Assignment: When you give the entries again, keep every word as it stands and drop the pictures.

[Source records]
* * *

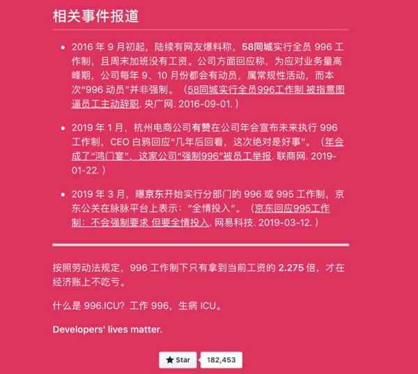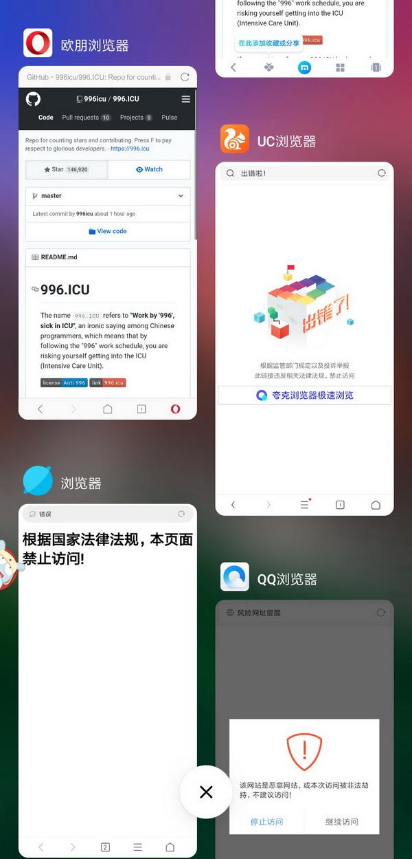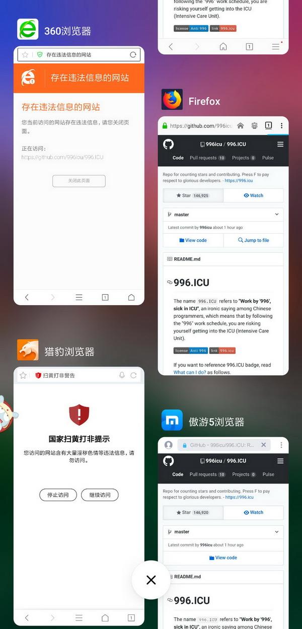 程序员们的愤怒 目前,“996.ICU”已在GitHub上获得超过18万星标,在一些法律专家的帮助下,还有程序员制作了一个反“996”工作制的开源许可证,这将能影响到一些公司使用部分开源软件的权利。 4月8日,亦有程序员在GitHub上表示,已向中华全国总工会、人资和社保等劳动相关部门递交了公开信,希望能够推动政府采取措施,谴责“996”等非法加班风气、开放举报渠道,同时对执行“996”的企业展开调查。 抗议活动还从线上发展到了线下。4月1日,公众号“Shachiku东亚保健所”有成员头戴面具,角色扮演为“牲畜”那样跪在几家知名互联网公司的门口,表达对“996”工作制的抗议,并向阿里巴巴、爱奇艺、网易等9家公司投递了“关于设立‘拒绝加班日’的倡议书”。 然而,与此同时,微博用户@AweiLoveAndroid发博称,多家国产浏览器如QQ、UC、360等已经屏蔽了“996.ICU”的GitHub项目地址。当用户使用这些浏览器访问该地址时,会出现“出错”“该网站是恶意网站”“本次访问被非法劫持不建议访问”甚至“该网站含有大量淫秽色情等违法信息”等提示。
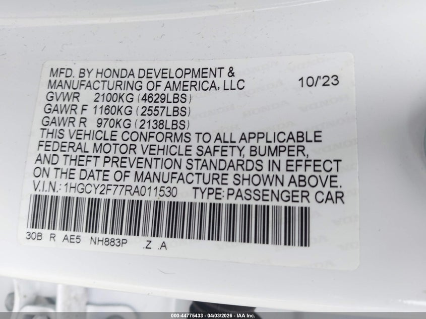 • 1HGCY2F77RA011530
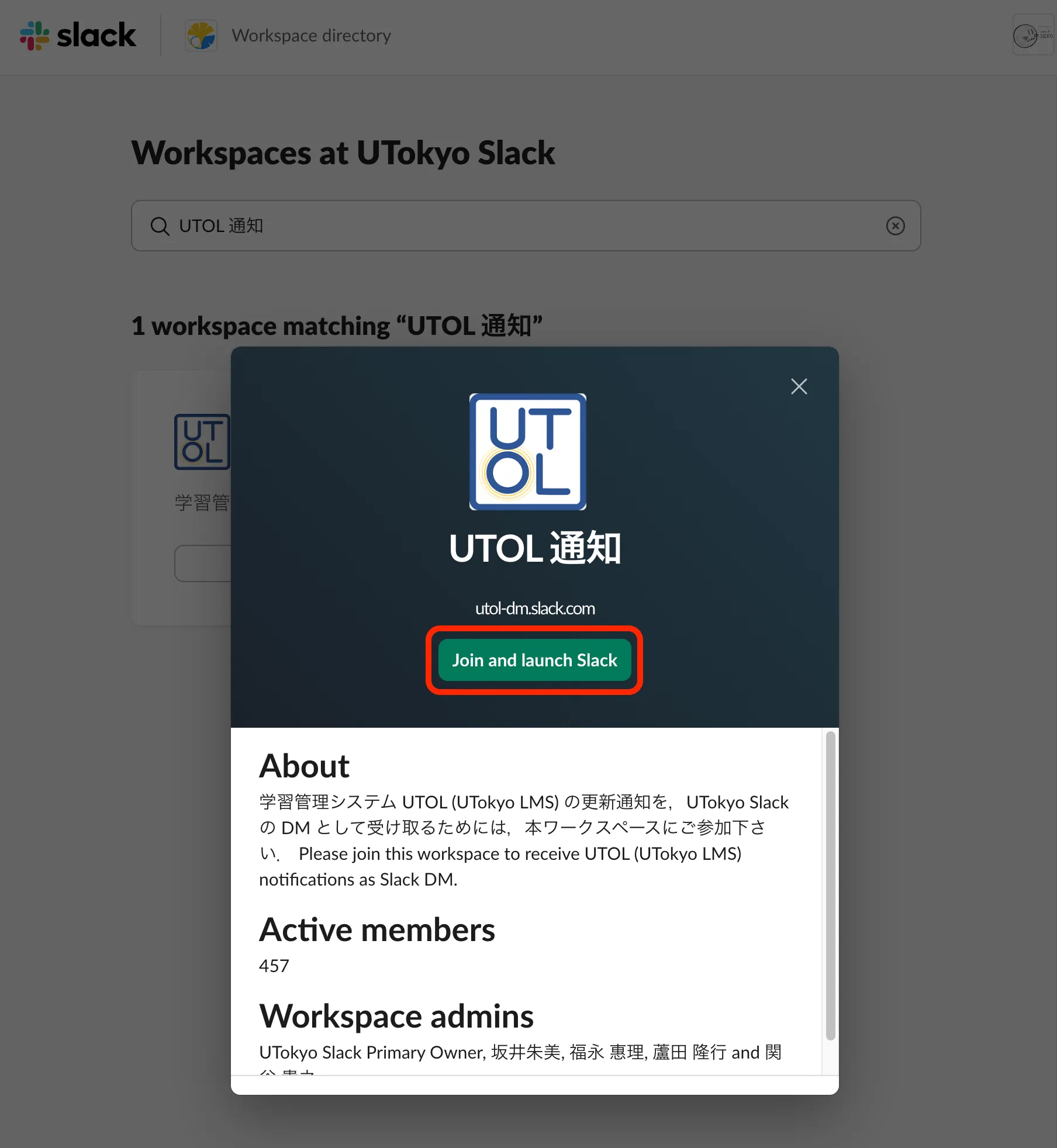 - Open the “Workspaces at UTokyo Slack” and follow Procedures 1 to 5 in Joining an open workspace in UTokyo Slack”.
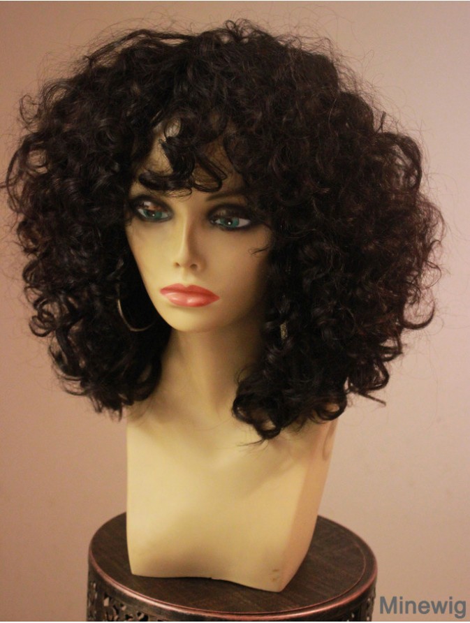 African American Wigs With Bangs Capless Kinky Style Shoulder Length
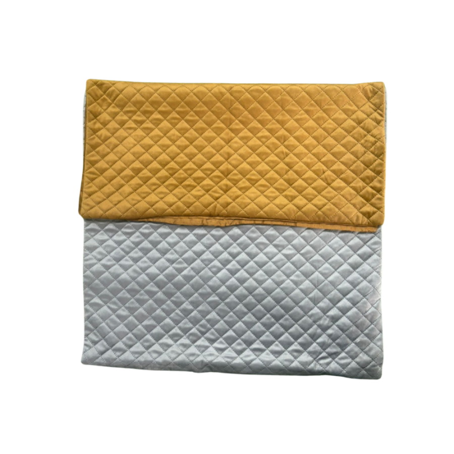 A Stylish Quilted Cushion Cover Made Of Polyester Fabric in Gold and Silver Colors.
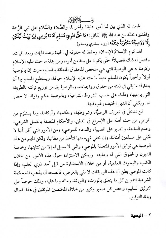 يحوي على الوصية وهي مخلص للحقوق المتعلقة بالمسلم، ما حث عليه الإسلام أولاً وأخيراً يكون المسلم متبعاً لما حثه عليه الإسلام حيالها، ويستطيع المسلم بها أن يتدارك ما بقي في ذمته من حقوق وواجبات، وبالوصية يضمن توزيع تركته بالطريقة التي يرغبها، وذلك على حسب الشروط الشرعية، وبالوصية حكم وفوائد لا حصر لها. ويكفي أن الدين الحنيف رغب فيها.
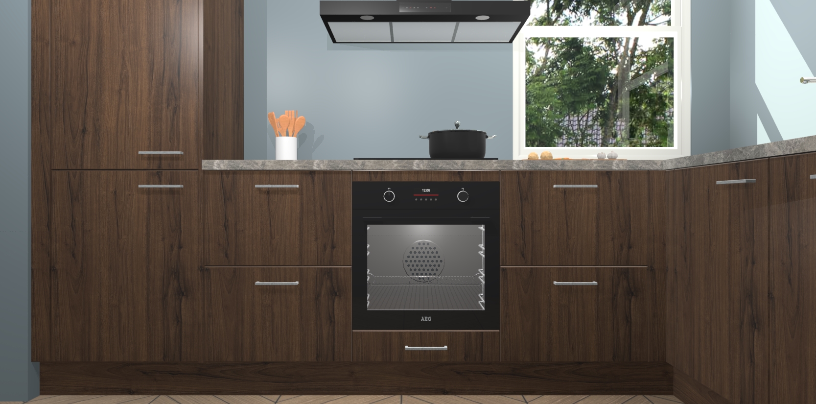 Wat maakt deze keuken zo bijzonder? Ten eerste geeft het houten werkblad uw ruimte een onmiskenbaar klassieke uitstraling. De natuurlijke afwerking roept warmte en elegantie op die nooit uit de mode zullen raken. Bovendien is het gemakkelijk schoon te houden en te onderhouden, zodat je er jarenlang plezier van kunt hebben. Als u op zoek bent naar extra gemak in uw keuken, dan heeft u bij het plaatsen van een bestelling bij ons ook de optie om uw toestellen te upgraden naar AEG-modellen - zo haalt u moderne innovatie van topmerken in apparatentechnologie rechtstreeks in huis.

* * *

Response:
 程序员们的愤怒 目前,“996.ICU”已在GitHub上获得超过18万星标,在一些法律专家的帮助下,还有程序员制作了一个反“996”工作制的开源许可证,这将能影响到一些公司使用部分开源软件的权利。 4月8日,亦有程序员在GitHub上表示,已向中华全国总工会、人资和社保等劳动相关部门递交了公开信,希望能够推动政府采取措施,谴责“996”等非法加班风气、开放举报渠道,同时对执行“996”的企业展开调查。 抗议活动还从线上发展到了线下。4月1日,公众号“Shachiku东亚保健所”有成员头戴面具,角色扮演为“牲畜”那样跪在几家知名互联网公司的门口,表达对“996”工作制的抗议,并向阿里巴巴、爱奇艺、网易等9家公司投递了“关于设立‘拒绝加班日’的倡议书”。 然而,与此同时,微博用户@AweiLoveAndroid发博称,多家国产浏览器如QQ、UC、360等已经屏蔽了“996.ICU”的GitHub项目地址。当用户使用这些浏览器访问该地址时,会出现“出错”“该网站是恶意网站”“本次访问被非法劫持不建议访问”甚至“该网站含有大量淫秽色情等违法信息”等提示。
 • 1HGCY2F77RA011530
 - Open the “Workspaces at UTokyo Slack” and follow Procedures 1 to 5 in Joining an open workspace in UTokyo Slack”.
 African American Wigs With Bangs Capless Kinky Style Shoulder Length
 A Stylish Quilted Cushion Cover Made Of Polyester Fabric in Gold and Silver Colors.
 يحوي على الوصية وهي مخلص للحقوق المتعلقة بالمسلم، ما حث عليه الإسلام أولاً وأخيراً يكون المسلم متبعاً لما حثه عليه الإسلام حيالها، ويستطيع المسلم بها أن يتدارك ما بقي في ذمته من حقوق وواجبات، وبالوصية يضمن توزيع تركته بالطريقة التي يرغبها، وذلك على حسب الشروط الشرعية، وبالوصية حكم وفوائد لا حصر لها. ويكفي أن الدين الحنيف رغب فيها.
 Wat maakt deze keuken zo bijzonder? Ten eerste geeft het houten werkblad uw ruimte een onmiskenbaar klassieke uitstraling. De natuurlijke afwerking roept warmte en elegantie op die nooit uit de mode zullen raken. Bovendien is het gemakkelijk schoon te houden en te onderhouden, zodat je er jarenlang plezier van kunt hebben. Als u op zoek bent naar extra gemak in uw keuken, dan heeft u bij het plaatsen van een bestelling bij ons ook de optie om uw toestellen te upgraden naar AEG-modellen - zo haalt u moderne innovatie van topmerken in apparatentechnologie rechtstreeks in huis.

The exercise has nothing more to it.